Why is the state spending this sum to eradicate land rights
when the state has been unable to balance its budget without
firings, program cutbacks, and passing down unfunded mandates
that are strangling local governments?
And, why is the state further strangling land ownership in
towns already suffering from too much state land ownership? Take
Stony Creek, for instance. The state already owns 53 percent
of the land, and, with this acquisition, has additionally prohibited
all economic activity except logging and limited recreation on
1,230 acres.
The Stony Creek Town Board passed a resolution requesting
that the state not acquire conservation easements along Hildebrandt
Road, an actively maintained town highway that connects Stony
Creek to Athol, where, according to my husband Peter LaGrasse,
the chairman of Stony Creeks Board of Assessors, the APA
rules would allow a total of twelve houses to be built in Stony
Creek along highway frontage on 507 acres of land with good characteristics
for building.
The state could have acquired the development rights to the
back land and left the road frontage intact, but instead it simply
eradicated this modest building potential, although it could
be so important in a town of under 700 residents that is held
back by the Adirondack Park Agencys high bars to development.
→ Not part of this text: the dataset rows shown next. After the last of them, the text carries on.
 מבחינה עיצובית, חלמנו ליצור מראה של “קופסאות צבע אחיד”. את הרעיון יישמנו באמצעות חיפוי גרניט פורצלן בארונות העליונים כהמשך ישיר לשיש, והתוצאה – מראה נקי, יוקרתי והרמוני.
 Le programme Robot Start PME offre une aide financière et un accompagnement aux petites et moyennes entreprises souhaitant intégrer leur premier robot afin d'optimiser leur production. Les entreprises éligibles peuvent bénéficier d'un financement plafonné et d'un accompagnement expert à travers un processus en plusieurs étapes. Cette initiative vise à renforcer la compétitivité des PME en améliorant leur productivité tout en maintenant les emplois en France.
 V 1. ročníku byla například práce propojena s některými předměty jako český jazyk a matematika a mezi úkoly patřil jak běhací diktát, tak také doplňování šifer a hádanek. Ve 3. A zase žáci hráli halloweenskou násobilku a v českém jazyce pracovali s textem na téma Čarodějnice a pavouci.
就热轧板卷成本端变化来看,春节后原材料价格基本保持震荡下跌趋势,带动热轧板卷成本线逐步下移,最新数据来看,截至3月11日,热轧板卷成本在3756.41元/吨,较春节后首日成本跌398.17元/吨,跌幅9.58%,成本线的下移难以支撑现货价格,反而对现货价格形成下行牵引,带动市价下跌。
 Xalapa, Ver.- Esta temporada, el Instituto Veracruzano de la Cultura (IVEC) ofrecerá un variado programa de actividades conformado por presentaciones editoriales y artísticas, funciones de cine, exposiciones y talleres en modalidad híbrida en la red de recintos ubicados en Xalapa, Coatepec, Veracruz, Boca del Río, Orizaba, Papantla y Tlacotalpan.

In essence, whenever the state acquires conservation easements,
the state is eradicating the much-coveted, very limited development
potential allowed by the Adirondack Park Agencys land use
bible, the Land Use and Development Plan Map and State
Land Map.
The so-called Adirondack Park includes six million
acres of land, of which three million acres are owned by the
state as forever wild. Up until December, the state
had acquired 700,000 acres of conservation easements in addition
to this forever wild land. Now the state has added another 87,000
acres.
The state should not buy one more acre of land in the Adirondacks,
neither in full title nor as conservation easements.
The Legislature should wake up and look at the lost biodiversity,
the lost hunting, and the loss of potential state revenue by
refusing to sustainably harvest the rich timber resource of the
forever wild land.
Carol W. LaGrasse
President
Property Rights Foundation of America, Inc.